[Entries taken from a collection]
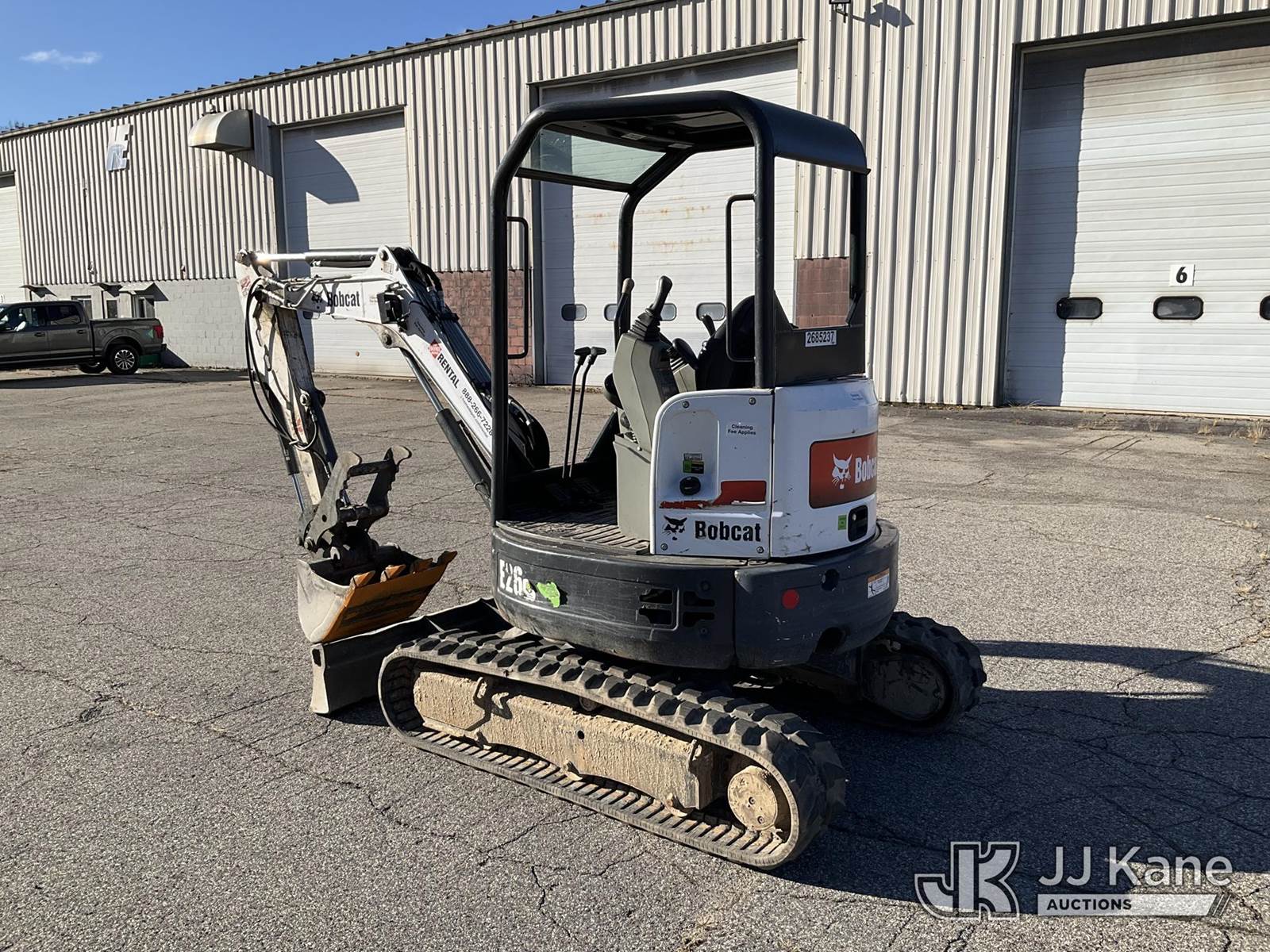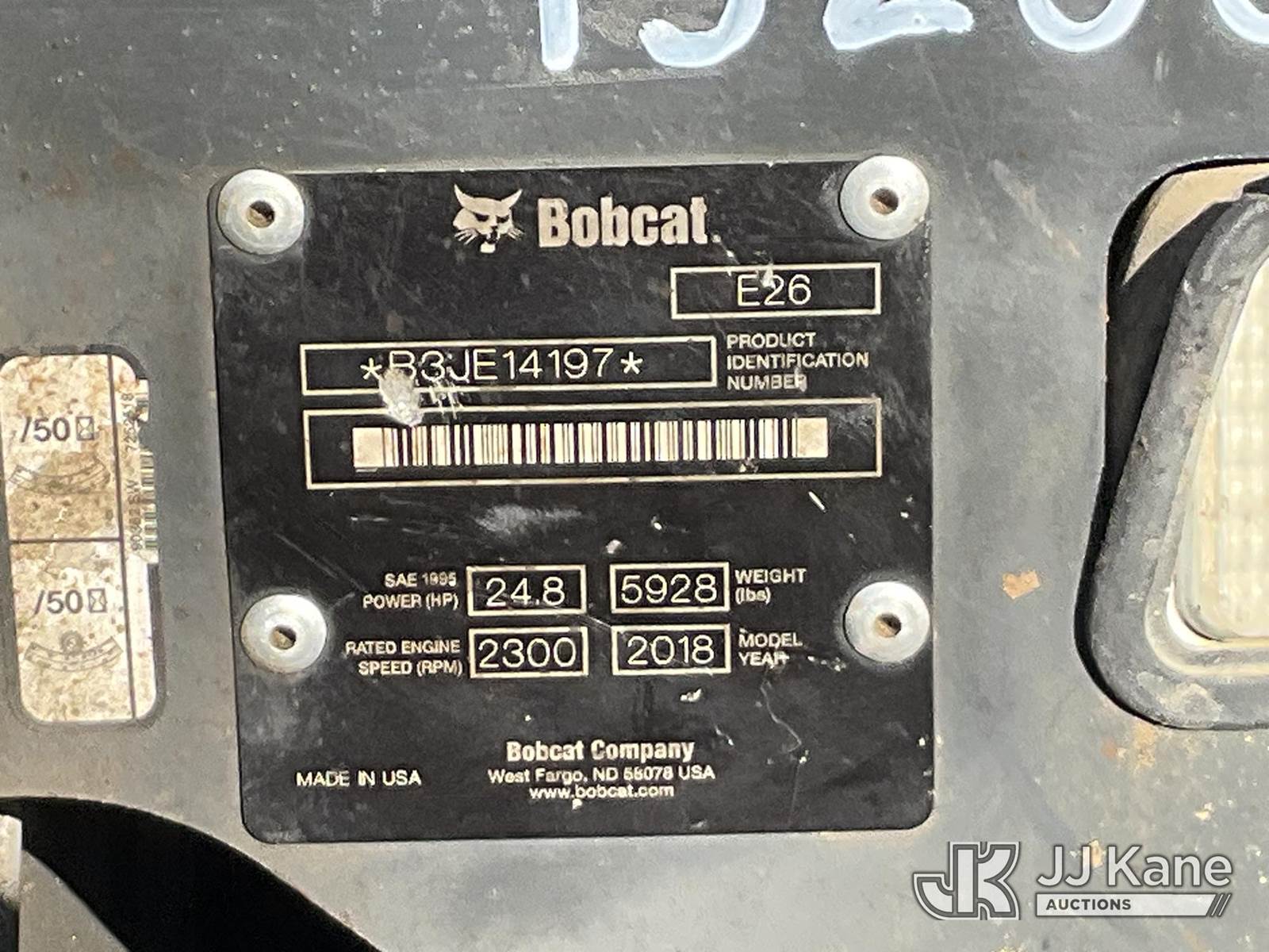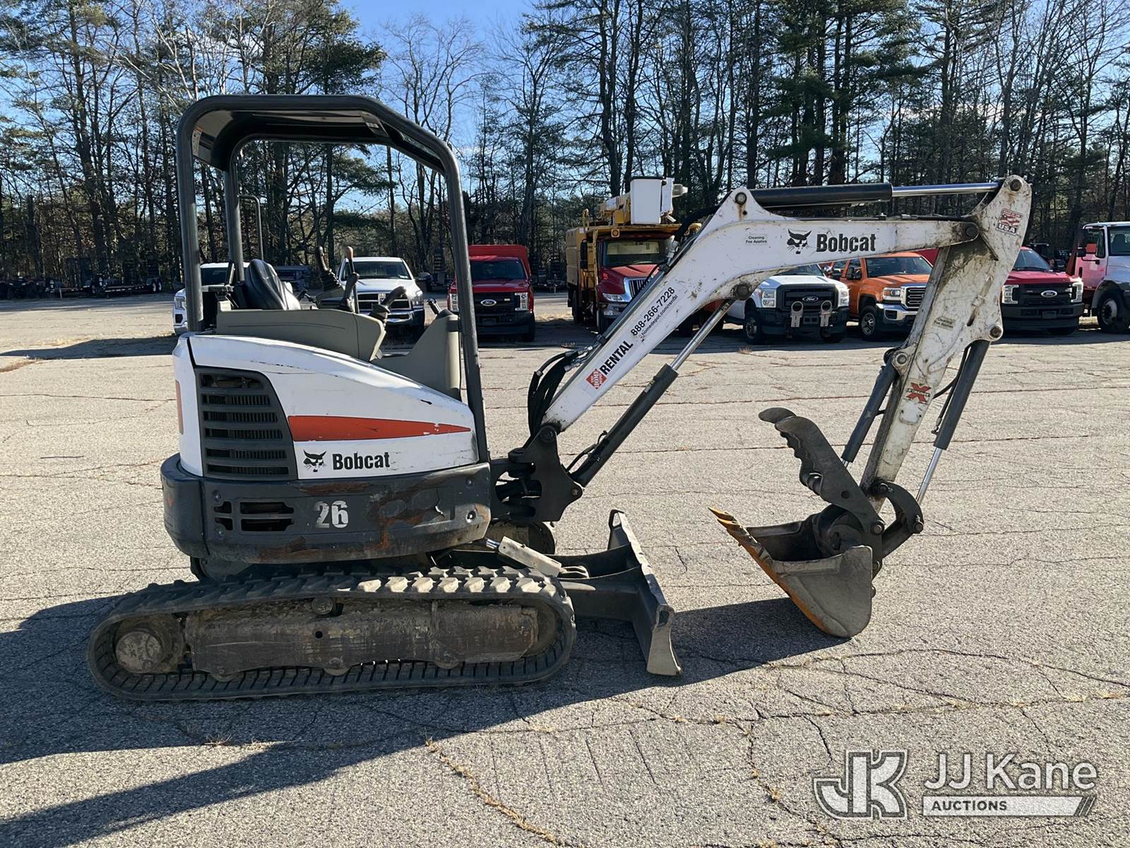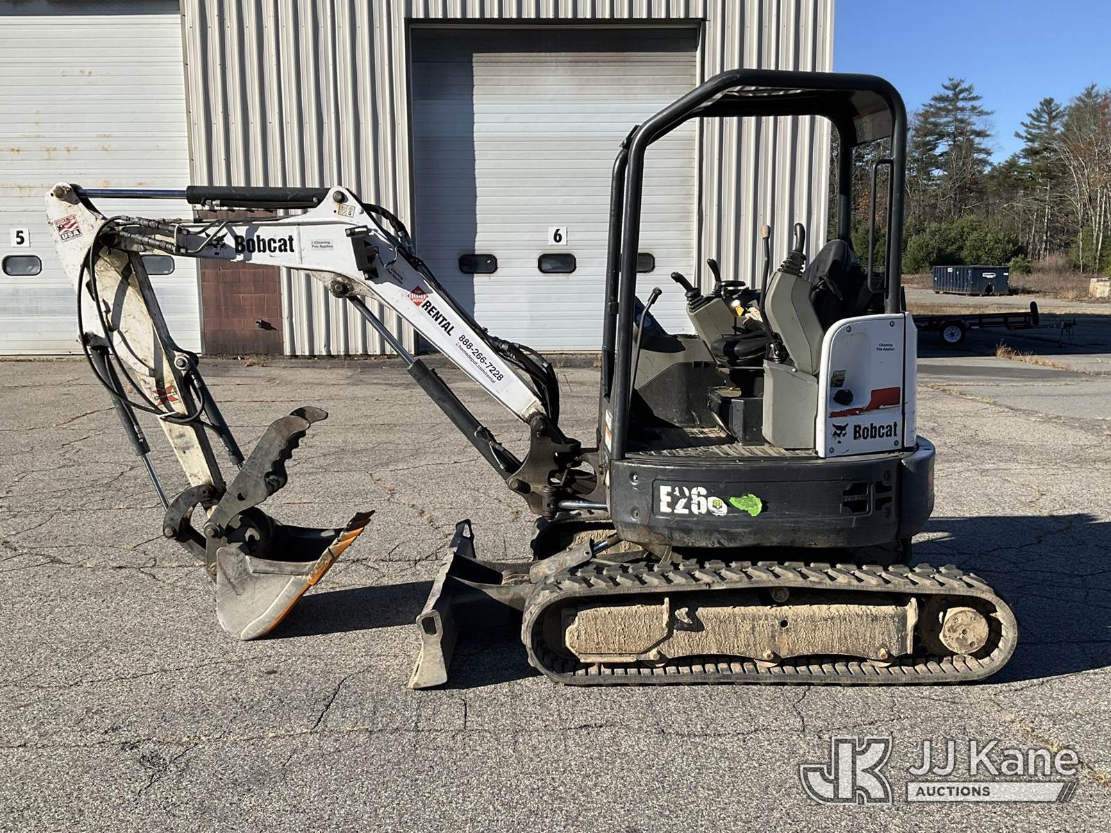 2018 Bobcat E26 Mini Hydraulic Excavator, s/n B3JE14197, Kubota diesel, Hydraulic Drive, with rubber tracks, digging bucket w/ hyd thumb attachment, aux hydraulics, backfill blade & ROPS, (Runs, Moves & Operates) (Removal is by Appointment Only, Buyer MUST make a appointment prior to picking up, Buyer/Transporter Must have PAID IN FULL RELEASE. No onsite assistance available, Please Come prepared.) (Reads 1,880 hours) NOTE: This unit is being sold AS IS/WHERE IS via Timed Auction and is located in Wells, ME. For specific technical information or questions about this item, contact Joe LaChance at (207) 608-7136. Inspection & Loadout days are the Tuesday through Thursday prior to the auction. For load-out and pick information, reference the hauler sheet sent out after purchase. These items are used and may contain defects that are not immediately detectable. Text descriptions and photos given are meant to be used as a guide only. The conditions are provided by the consignor. The Buyer is responsible for inspecting the item before bidding. All information provided is believed to be correct but no warranty as such is either intended or implied. All items are sold AS IS - WHERE IS AND WITH ALL FAULTS AND DEFECTS THEREIN. (Buyer is responsible for removal. Assistance by consignor or JJ Kane Auctioneers is not assured.)
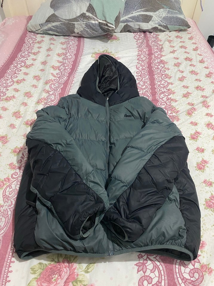 Kapüşonlu, koyu gri kışlık mont, uzun kollu ve fermuarlı. Normal boyda, vücuda oturan kesimiyle sıcak ve rahat bir kullanım sunar.
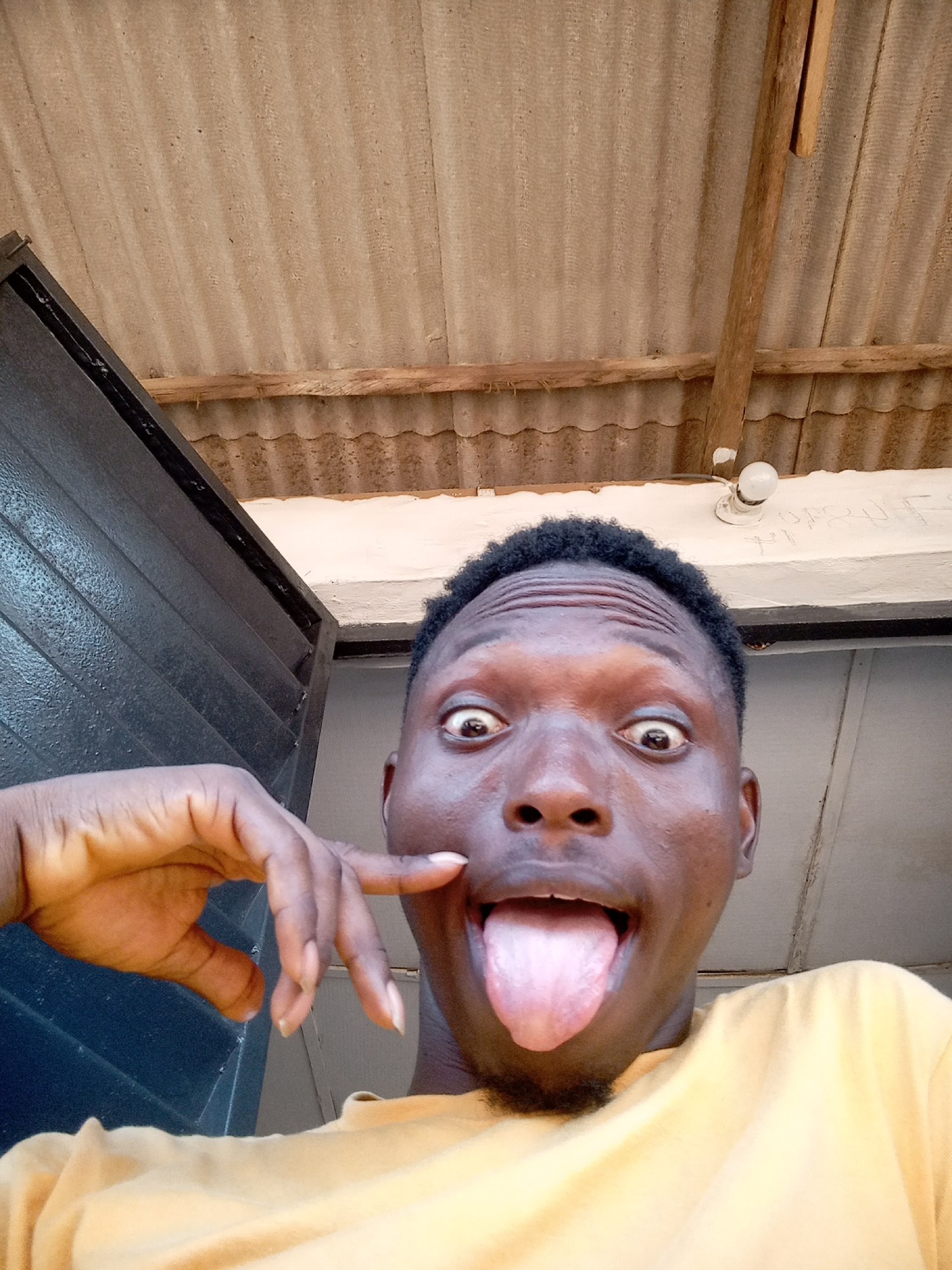 A young man with dark skin and short dark hair is featured in a close-up, low-angle selfie, making a playful expression. His eyes are wide open, and he is sticking out his tongue. His left hand is rai…read more
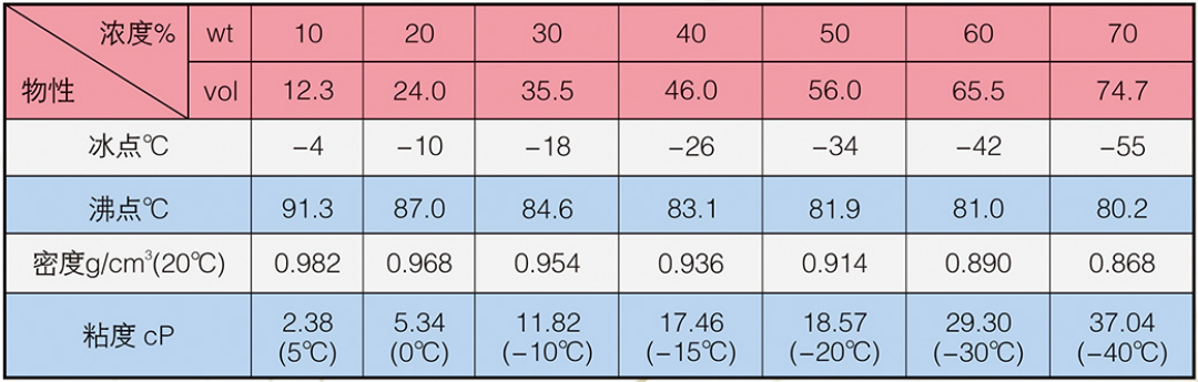 LM-3系列冰河冷媒由一元醇改性構成,主要添加劑包括防腐蝕劑,防霉劑,增溶劑等。外觀為淺色液體,實際無毒。20℃時,原液密度為0.820~0.830g/cm',粘度為1.68mPa·s(cP),比熱為0.612cal/g·℃,熱導率為0.20W/m·K。沸點高于70℃,冰點低于-100℃,閃點為17℃。
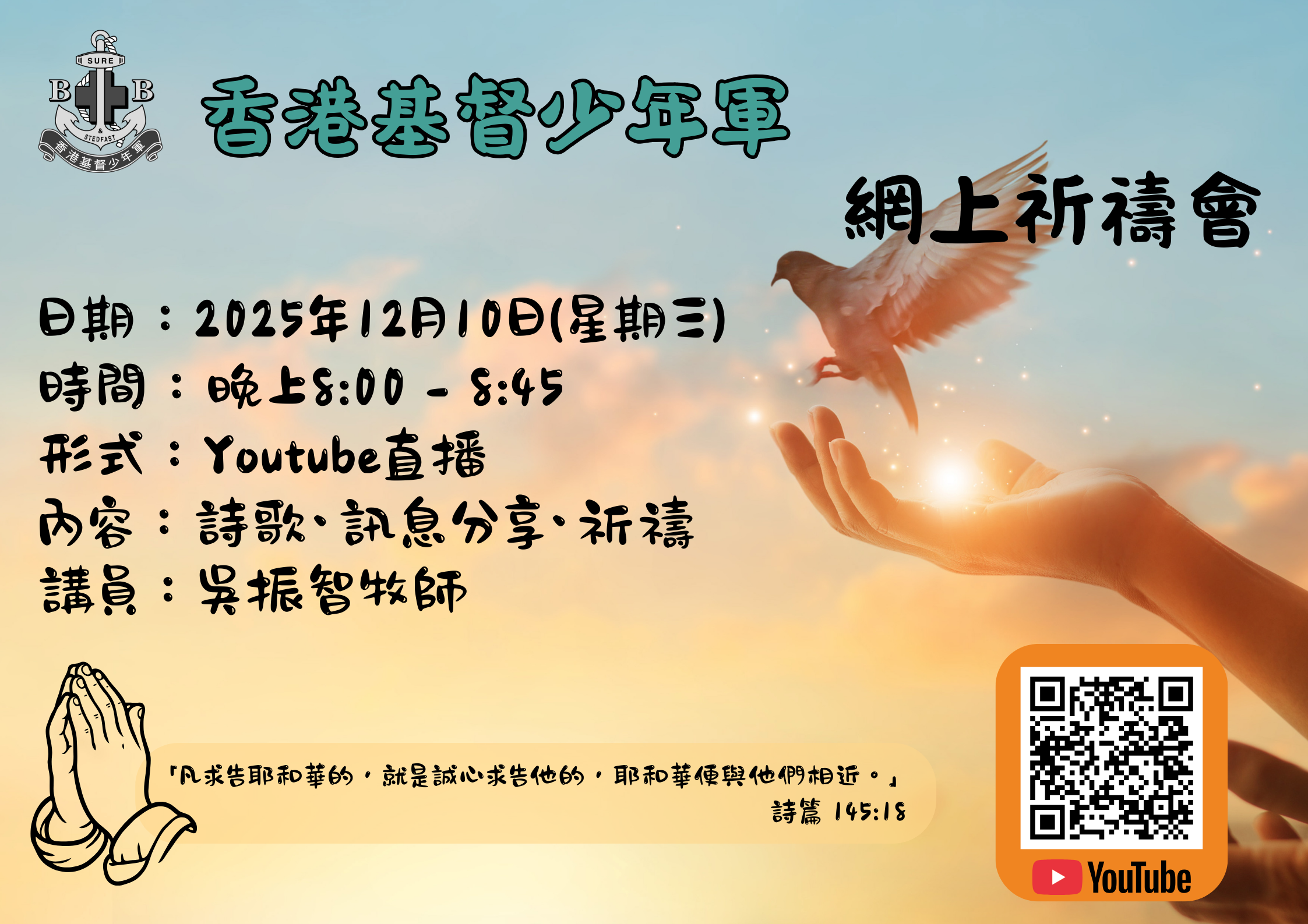 線上祈禱會詳情如下: 日期:2025年12月10日(星期三) 時間:晚上8:00 - 8:45 形式:網上祈禱會 (按此) 內容:詩歌﹑訊息分享﹑祈禱 訊息分享(本會會牧吳振智牧師);領禱(執委會主席方煒鍵先生﹑副主席盧永靖先生及總幹事吳淑玲女士) 查詢︰制服團隊部同工 2273-0319

[TASK] Copy every entry exactly, leaving out the pictures.

[EXERCISE RESPONSE]
 2018 Bobcat E26 Mini Hydraulic Excavator, s/n B3JE14197, Kubota diesel, Hydraulic Drive, with rubber tracks, digging bucket w/ hyd thumb attachment, aux hydraulics, backfill blade & ROPS, (Runs, Moves & Operates) (Removal is by Appointment Only, Buyer MUST make a appointment prior to picking up, Buyer/Transporter Must have PAID IN FULL RELEASE. No onsite assistance available, Please Come prepared.) (Reads 1,880 hours) NOTE: This unit is being sold AS IS/WHERE IS via Timed Auction and is located in Wells, ME. For specific technical information or questions about this item, contact Joe LaChance at (207) 608-7136. Inspection & Loadout days are the Tuesday through Thursday prior to the auction. For load-out and pick information, reference the hauler sheet sent out after purchase. These items are used and may contain defects that are not immediately detectable. Text descriptions and photos given are meant to be used as a guide only. The conditions are provided by the consignor. The Buyer is responsible for inspecting the item before bidding. All information provided is believed to be correct but no warranty as such is either intended or implied. All items are sold AS IS - WHERE IS AND WITH ALL FAULTS AND DEFECTS THEREIN. (Buyer is responsible for removal. Assistance by consignor or JJ Kane Auctioneers is not assured.)
 Kapüşonlu, koyu gri kışlık mont, uzun kollu ve fermuarlı. Normal boyda, vücuda oturan kesimiyle sıcak ve rahat bir kullanım sunar.
 A young man with dark skin and short dark hair is featured in a close-up, low-angle selfie, making a playful expression. His eyes are wide open, and he is sticking out his tongue. His left hand is rai…read more
 LM-3系列冰河冷媒由一元醇改性構成,主要添加劑包括防腐蝕劑,防霉劑,增溶劑等。外觀為淺色液體,實際無毒。20℃時,原液密度為0.820~0.830g/cm',粘度為1.68mPa·s(cP),比熱為0.612cal/g·℃,熱導率為0.20W/m·K。沸點高于70℃,冰點低于-100℃,閃點為17℃。
 線上祈禱會詳情如下: 日期:2025年12月10日(星期三) 時間:晚上8:00 - 8:45 形式:網上祈禱會 (按此) 內容:詩歌﹑訊息分享﹑祈禱 訊息分享(本會會牧吳振智牧師);領禱(執委會主席方煒鍵先生﹑副主席盧永靖先生及總幹事吳淑玲女士) 查詢︰制服團隊部同工 2273-0319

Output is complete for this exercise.